McGuire spoke in regard to an item under the Council’s consent agenda that would renew a 2008 resolution that designated an off-road trail on the east side of Neuralia Road extending from the off-road areas on the north side of the city into the city’s business district.
The current resolution expires on Aug. 31, and staff requested a new one to extend the designation another five years.
McGuire argued that when the trail was first designated, there were no businesses in the city’s northern reaches, but that now the commercial marijuana industry is arriving in the area. Additionally, riders do not follow the 10 mph posted speed limit on the trail and do not stay off public streets as required, he said.
“Off-road vehicles seem to be getting a little out of control in this area,” he said.
McGuire also said there is no documentation to support claims by proponents that the off-road visitors bring business.
“This city has grown and started to move forward. My feeling is that OHV should be kept in the desert,” he said. “If this is such a hot thing, then why doesn’t the city of Los Angeles, the city of San Francisco, San Bernardino do this, or any other city that’s in the state of California?”

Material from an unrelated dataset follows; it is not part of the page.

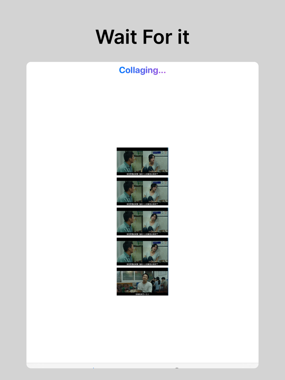 Frame helps you to create a collage movie screenshot with subtitle. Frame has simple interface, you just need to record a movie clip with subtitle and import it to this app, Frame will extract image from the movie and make a collage for you.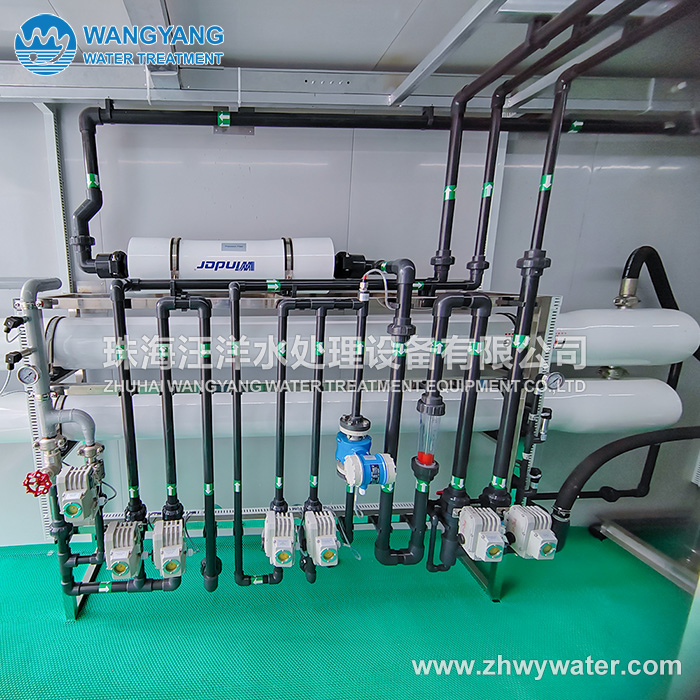 ● 高效反渗透膜,脱盐率高达98.5%,抗污染能力强,产水水质稳定。

“This is not benefiting the city as a whole. That’s the bottom line,” McGuire said.
The Council took no action on the item on Tuesday, instead tabling it and requesting the matter be brought back at a later date.
The next discussion should also be supported by maps of the trail and more information, the Council instructed.
“There’s various opinions about this,” Police Chief Eric Hurtado said, suggesting it may be best to hold off on a decision to allow time for businesses and residents to provide input.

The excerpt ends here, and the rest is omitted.